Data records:
++++++++

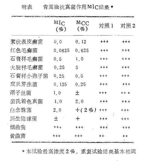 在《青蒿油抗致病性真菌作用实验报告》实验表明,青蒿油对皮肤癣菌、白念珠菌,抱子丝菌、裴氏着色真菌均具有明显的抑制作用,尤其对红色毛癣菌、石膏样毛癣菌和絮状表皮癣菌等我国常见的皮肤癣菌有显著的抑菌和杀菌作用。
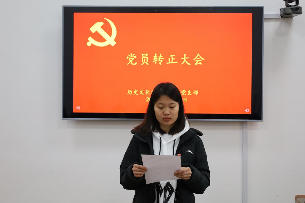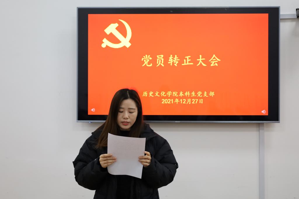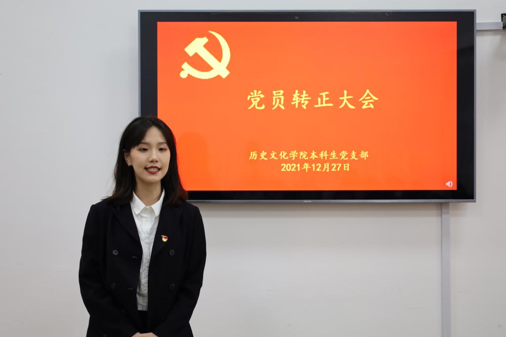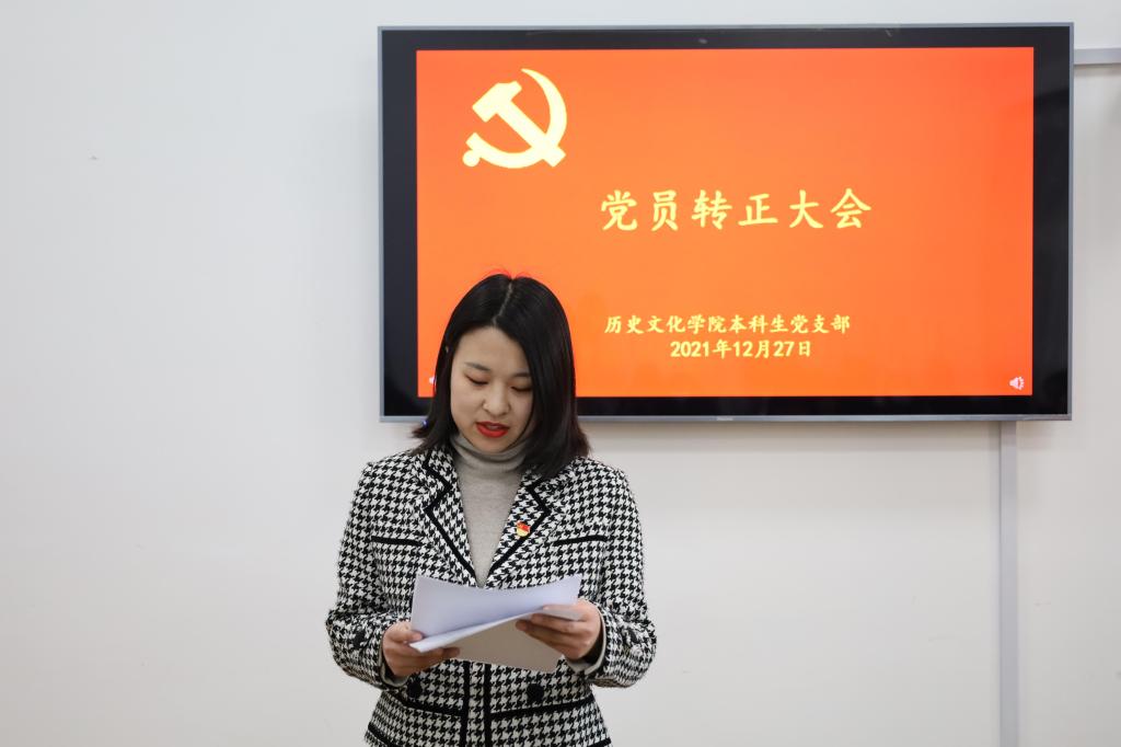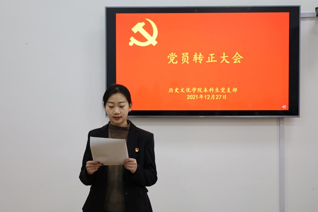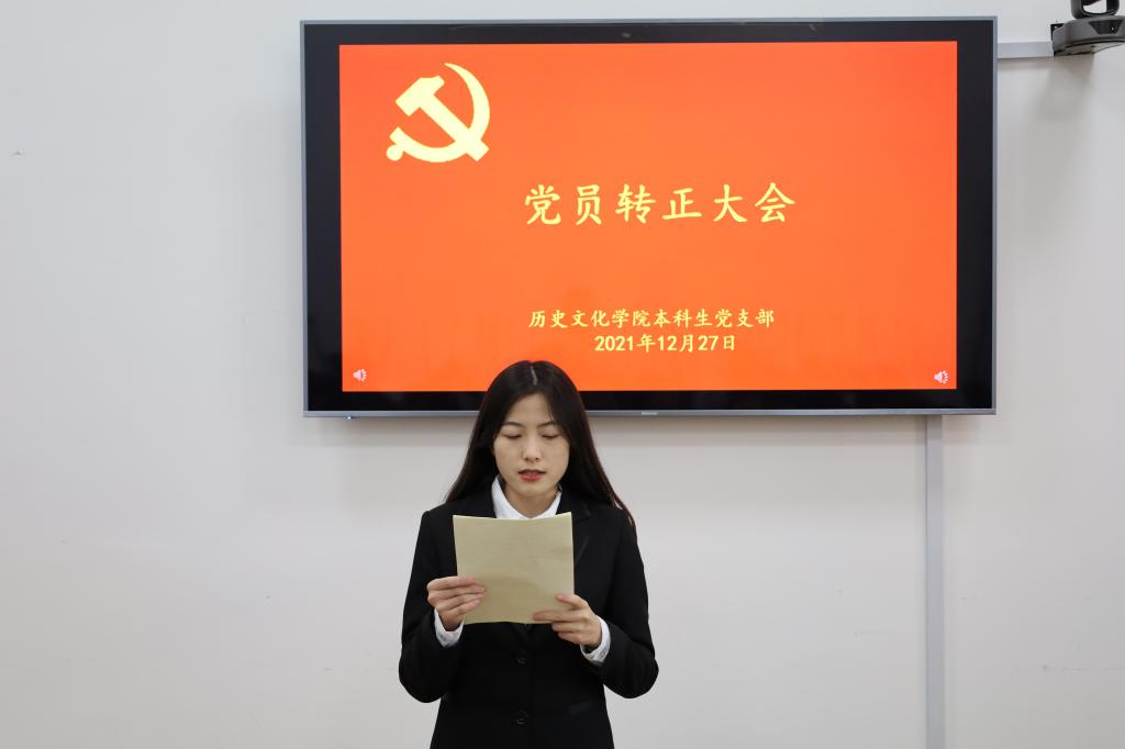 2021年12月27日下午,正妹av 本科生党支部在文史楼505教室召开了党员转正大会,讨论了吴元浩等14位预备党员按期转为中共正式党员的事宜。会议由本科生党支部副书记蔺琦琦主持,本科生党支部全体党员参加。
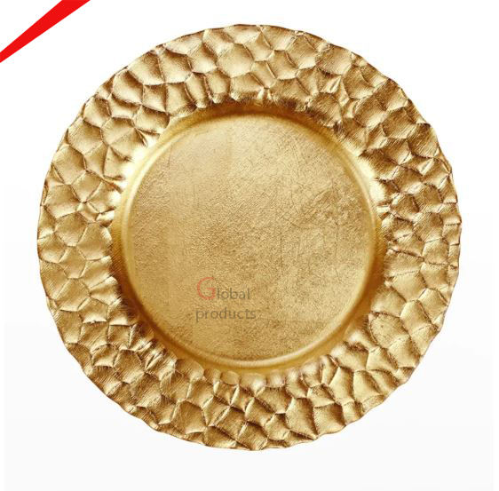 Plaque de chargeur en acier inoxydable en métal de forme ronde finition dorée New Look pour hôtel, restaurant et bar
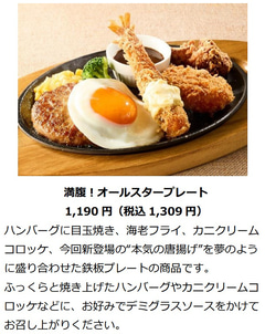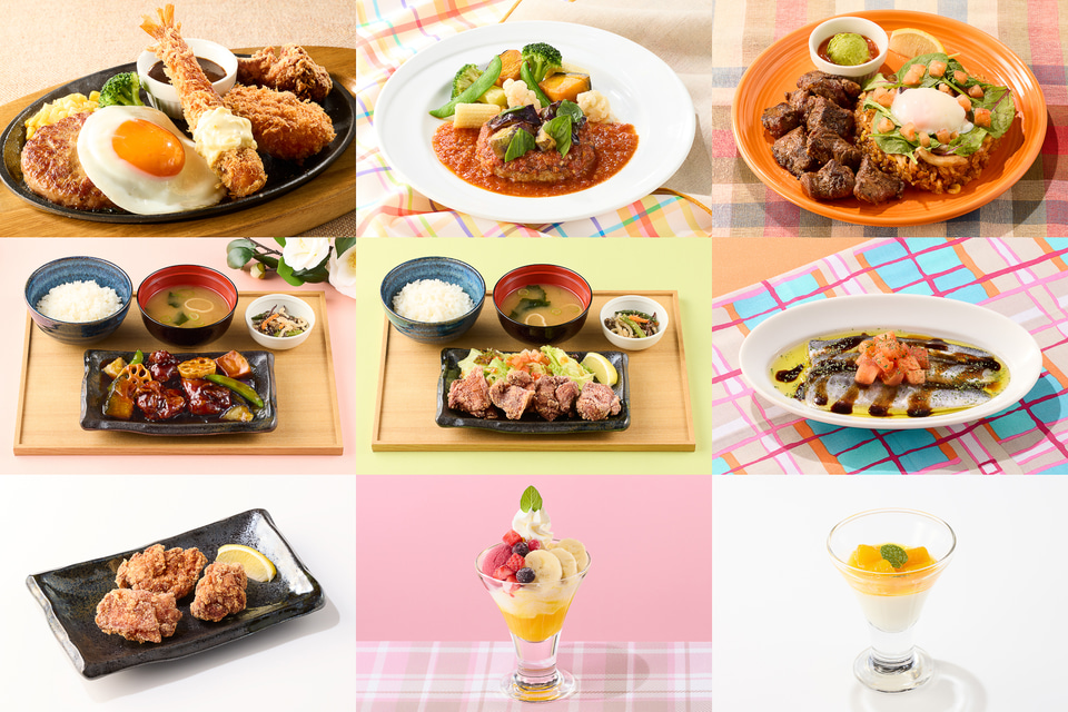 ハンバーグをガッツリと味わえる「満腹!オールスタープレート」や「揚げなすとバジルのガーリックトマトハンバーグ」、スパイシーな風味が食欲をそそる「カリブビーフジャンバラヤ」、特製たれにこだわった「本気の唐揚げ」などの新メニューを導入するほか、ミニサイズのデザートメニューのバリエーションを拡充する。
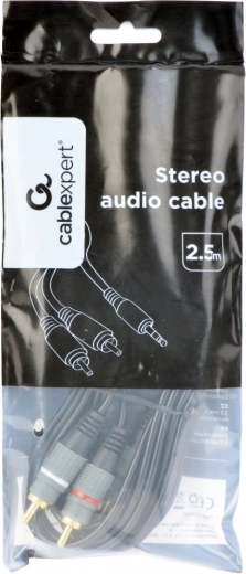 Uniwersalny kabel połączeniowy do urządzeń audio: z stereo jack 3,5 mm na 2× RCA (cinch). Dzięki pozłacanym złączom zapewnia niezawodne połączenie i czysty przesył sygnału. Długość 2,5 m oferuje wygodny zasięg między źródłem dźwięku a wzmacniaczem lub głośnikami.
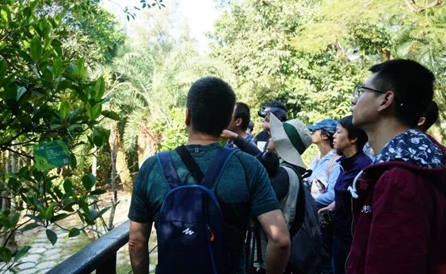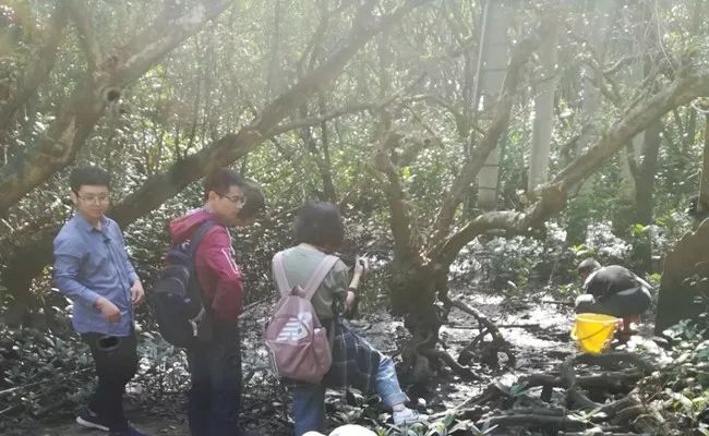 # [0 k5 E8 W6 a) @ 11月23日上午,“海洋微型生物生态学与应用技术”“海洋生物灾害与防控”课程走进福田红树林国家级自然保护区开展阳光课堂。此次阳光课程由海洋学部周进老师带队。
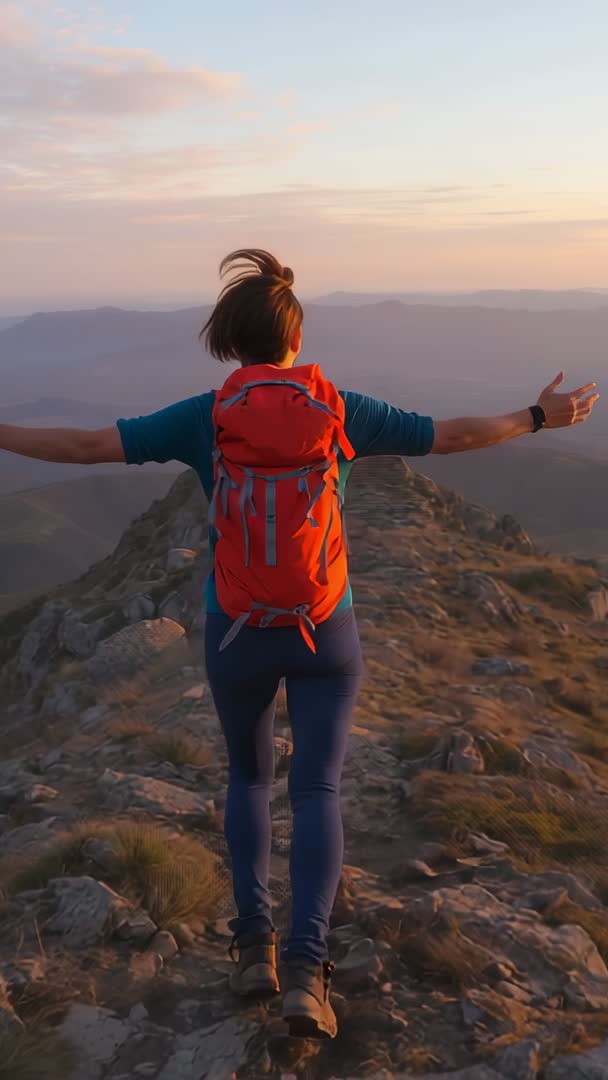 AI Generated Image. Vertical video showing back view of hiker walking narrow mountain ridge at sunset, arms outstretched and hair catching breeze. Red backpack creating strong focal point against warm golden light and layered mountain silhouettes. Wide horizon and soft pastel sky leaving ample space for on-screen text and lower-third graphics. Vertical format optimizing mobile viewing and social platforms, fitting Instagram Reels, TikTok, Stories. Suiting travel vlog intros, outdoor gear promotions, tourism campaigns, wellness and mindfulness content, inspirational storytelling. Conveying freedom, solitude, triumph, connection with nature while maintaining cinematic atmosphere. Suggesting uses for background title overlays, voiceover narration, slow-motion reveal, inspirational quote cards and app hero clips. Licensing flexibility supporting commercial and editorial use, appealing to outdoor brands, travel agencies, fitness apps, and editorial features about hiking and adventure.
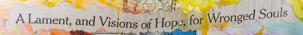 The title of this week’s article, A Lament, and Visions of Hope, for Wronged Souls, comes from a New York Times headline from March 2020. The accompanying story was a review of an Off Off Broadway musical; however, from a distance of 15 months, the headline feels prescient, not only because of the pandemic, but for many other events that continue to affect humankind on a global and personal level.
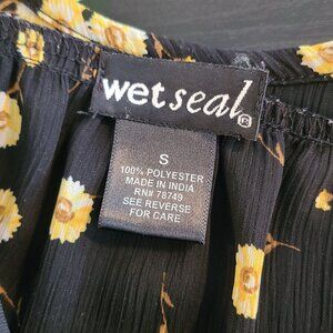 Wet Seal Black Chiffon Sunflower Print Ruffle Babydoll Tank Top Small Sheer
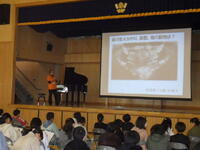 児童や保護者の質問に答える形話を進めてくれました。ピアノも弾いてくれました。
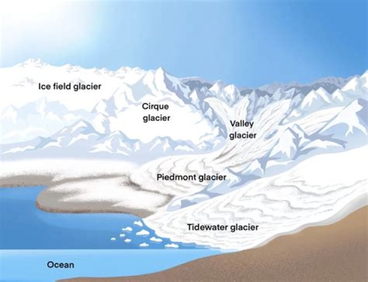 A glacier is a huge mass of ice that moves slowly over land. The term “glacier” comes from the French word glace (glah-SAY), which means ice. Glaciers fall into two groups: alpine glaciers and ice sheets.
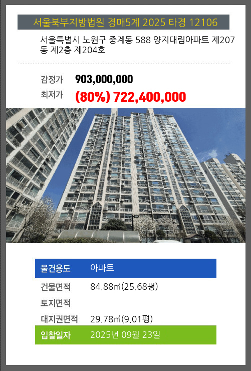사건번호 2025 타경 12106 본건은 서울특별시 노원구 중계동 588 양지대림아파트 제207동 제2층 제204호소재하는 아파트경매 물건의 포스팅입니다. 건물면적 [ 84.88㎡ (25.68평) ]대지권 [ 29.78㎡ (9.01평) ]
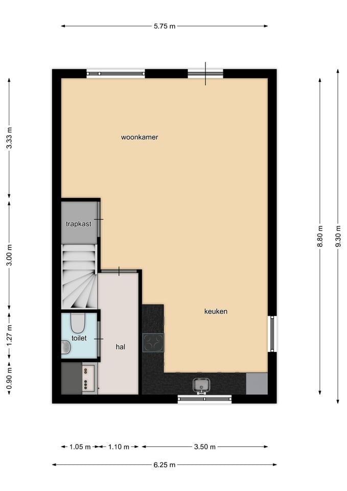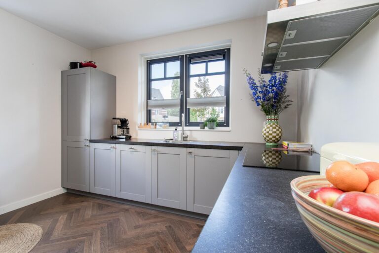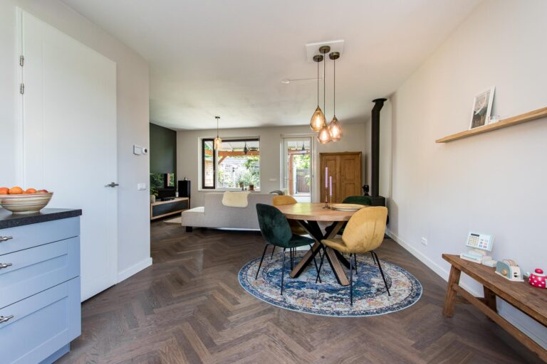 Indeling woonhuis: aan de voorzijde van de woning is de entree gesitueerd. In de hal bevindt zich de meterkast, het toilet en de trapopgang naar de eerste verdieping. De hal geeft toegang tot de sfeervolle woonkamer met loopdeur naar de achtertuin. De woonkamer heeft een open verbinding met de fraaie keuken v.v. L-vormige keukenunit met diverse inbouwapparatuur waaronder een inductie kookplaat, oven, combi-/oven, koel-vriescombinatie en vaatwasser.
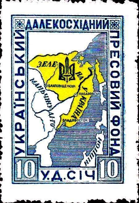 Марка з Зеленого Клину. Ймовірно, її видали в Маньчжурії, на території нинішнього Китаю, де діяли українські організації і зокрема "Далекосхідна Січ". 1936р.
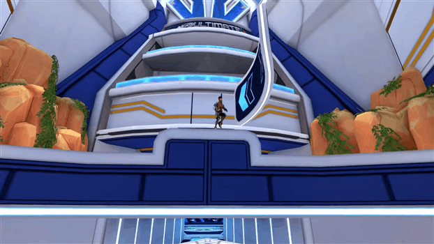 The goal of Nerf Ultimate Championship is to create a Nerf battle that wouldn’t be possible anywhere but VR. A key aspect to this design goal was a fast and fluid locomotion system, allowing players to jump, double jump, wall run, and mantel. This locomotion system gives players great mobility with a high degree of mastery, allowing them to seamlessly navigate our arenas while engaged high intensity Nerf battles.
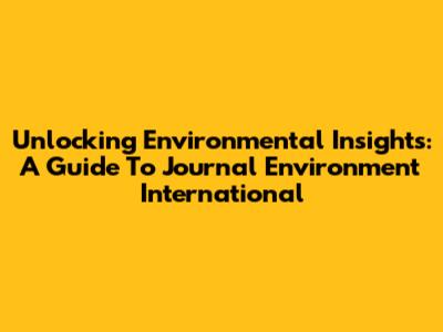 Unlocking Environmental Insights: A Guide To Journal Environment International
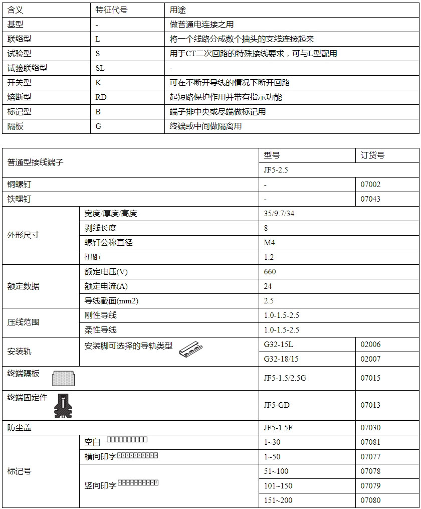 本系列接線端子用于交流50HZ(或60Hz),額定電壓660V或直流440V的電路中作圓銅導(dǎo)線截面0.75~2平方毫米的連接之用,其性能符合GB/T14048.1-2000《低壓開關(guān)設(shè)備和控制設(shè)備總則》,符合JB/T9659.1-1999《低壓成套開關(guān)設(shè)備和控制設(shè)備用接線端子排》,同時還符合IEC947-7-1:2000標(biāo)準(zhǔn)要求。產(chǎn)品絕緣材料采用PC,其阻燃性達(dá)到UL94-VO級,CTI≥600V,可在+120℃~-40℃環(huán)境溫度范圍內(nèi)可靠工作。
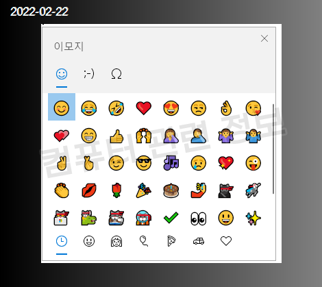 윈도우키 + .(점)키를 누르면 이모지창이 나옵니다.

++++++++

About this task:
The required output is the line containing "本系列接線端子用于交流50H" plus every line after it to the end of the data, copied exactly and with no pictures.

Response area:
 本系列接線端子用于交流50HZ(或60Hz),額定電壓660V或直流440V的電路中作圓銅導(dǎo)線截面0.75~2平方毫米的連接之用,其性能符合GB/T14048.1-2000《低壓開關(guān)設(shè)備和控制設(shè)備總則》,符合JB/T9659.1-1999《低壓成套開關(guān)設(shè)備和控制設(shè)備用接線端子排》,同時還符合IEC947-7-1:2000標(biāo)準(zhǔn)要求。產(chǎn)品絕緣材料采用PC,其阻燃性達(dá)到UL94-VO級,CTI≥600V,可在+120℃~-40℃環(huán)境溫度范圍內(nèi)可靠工作。
 윈도우키 + .(점)키를 누르면 이모지창이 나옵니다.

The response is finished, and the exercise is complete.